Concept explained simply
Think of a container image like a frozen, ready-to-run workspace. It includes your code, dependencies, and entry command. Publishing pushes that image to a registry so your CI/CD and runtime can pull it reliably.
Mental model
- Base image: your starting point (e.g., python:3.11-slim).
- Layers: every Dockerfile instruction adds a cached layer; fewer, smaller layers build faster.
- Multi-stage builds: use a builder stage for heavy stuff, copy only artifacts into a minimal runtime stage.
- Tags vs digest: tags are human labels; digests are immutable content identifiers.

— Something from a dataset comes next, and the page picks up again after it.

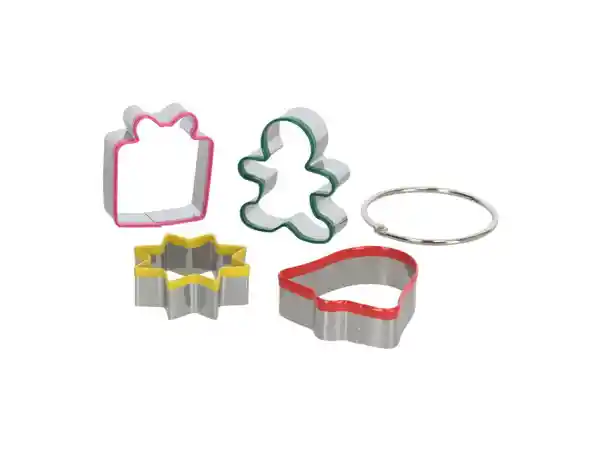 Set de 4 Cortadores de Acero Inoxidable Para Galletas. Cuenta Con Formas de Reno Casa Estrella y Viejito Pascuero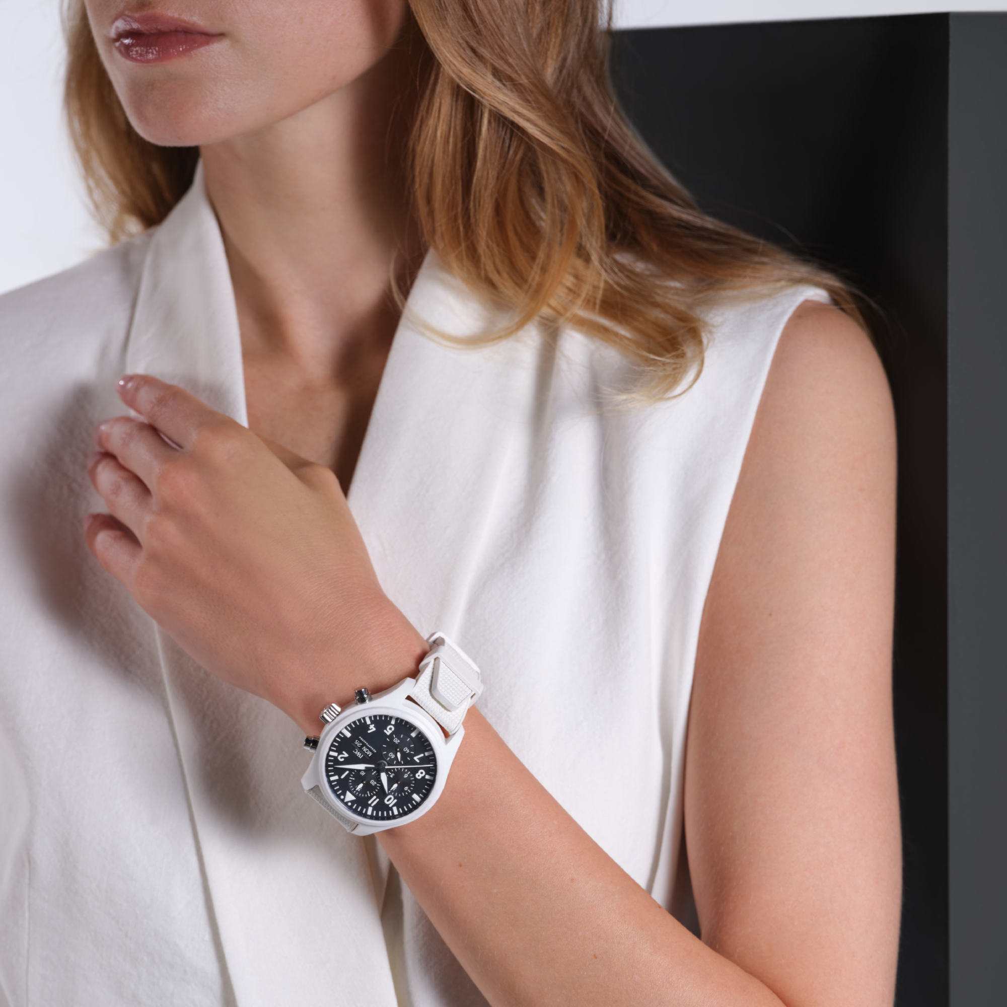 Schwarze Zeiger und Appliken mit Leuchtmasse in Weiss

Deploy by digest for safety.
- Reproducibility: pin versions, avoid secrets in the image, and generate an SBOM to know what’s inside.
The standard flow
- Design your Dockerfile: multi-stage, install only what you need, run as non-root.
- Pin dependencies: lock files or exact versions; pin base image by digest when possible.
- Speed up builds: use .dockerignore, layering wisely, and build cache (BuildKit).
- Tag images for traceability: include semantic version, date, and Git SHA.
- Scan and produce SBOM: identify vulnerabilities and contents.
- Publish to a registry: login, tag, push; prefer immutable deployment by digest.
Example tag scheme
my-registry/ml/serving:1.3.0
my-registry/ml/serving:1.3.0-20260104-ab12cd3
my-registry/ml/serving:sha-ab12cd3
# Deploy by digest (example):
my-registry/ml/serving@sha256:9f...e1Worked example 1: FastAPI inference service (multi-stage)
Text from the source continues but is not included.